REQUIRED WORK: Please set down the data again exactly, minus the pictures.

AVAILABLE DATA:
***
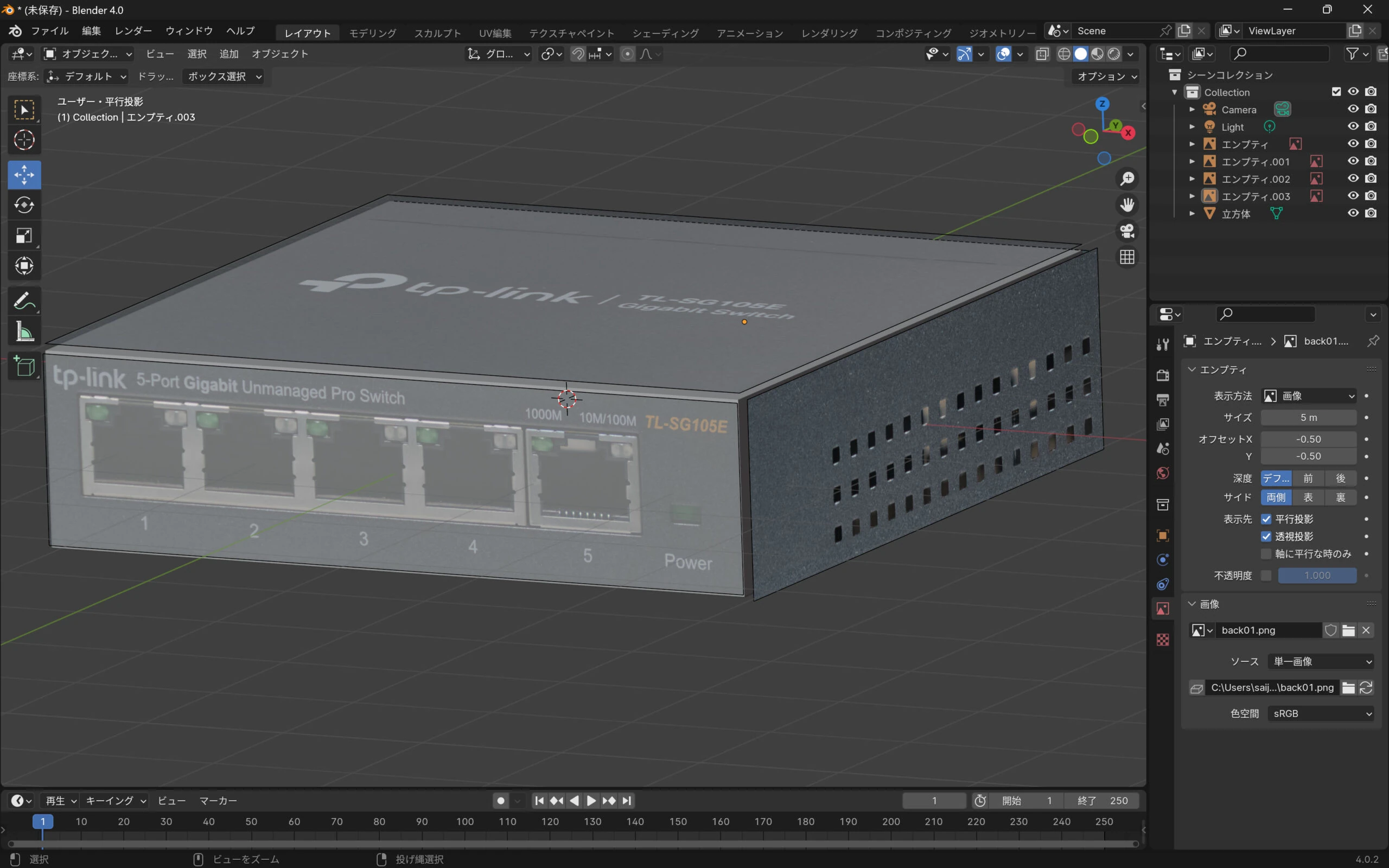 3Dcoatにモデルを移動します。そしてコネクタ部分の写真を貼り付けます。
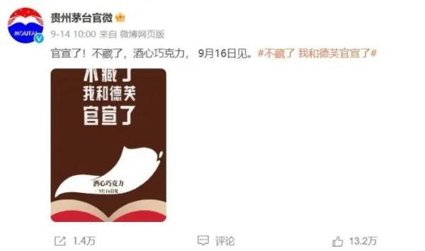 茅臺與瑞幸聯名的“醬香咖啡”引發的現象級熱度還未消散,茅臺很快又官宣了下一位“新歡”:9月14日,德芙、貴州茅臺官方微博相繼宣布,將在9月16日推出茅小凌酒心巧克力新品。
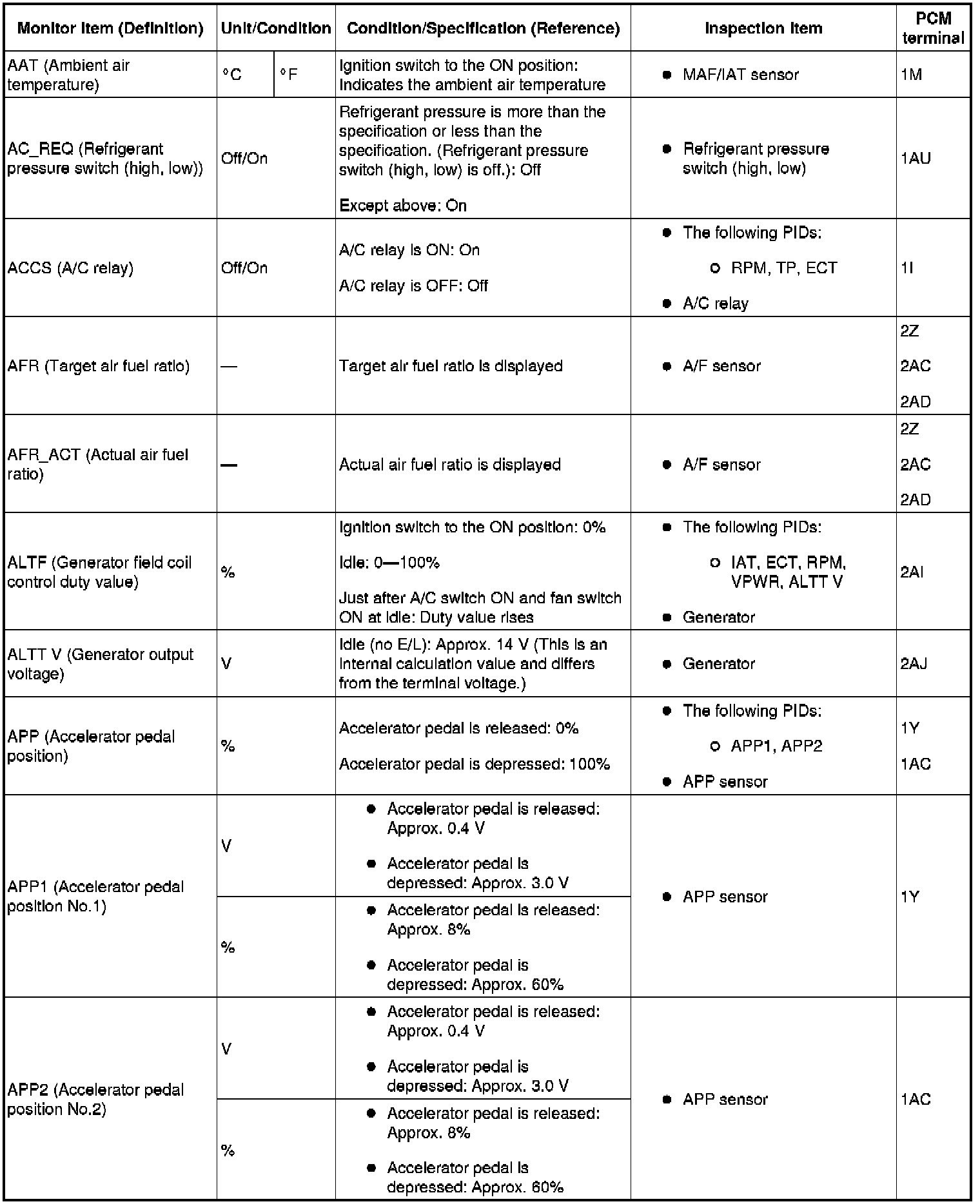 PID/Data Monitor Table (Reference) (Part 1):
***
SOLUTION BELOW:
 3Dcoatにモデルを移動します。そしてコネクタ部分の写真を貼り付けます。
 茅臺與瑞幸聯名的“醬香咖啡”引發的現象級熱度還未消散,茅臺很快又官宣了下一位“新歡”:9月14日,德芙、貴州茅臺官方微博相繼宣布,將在9月16日推出茅小凌酒心巧克力新品。
 PID/Data Monitor Table (Reference) (Part 1):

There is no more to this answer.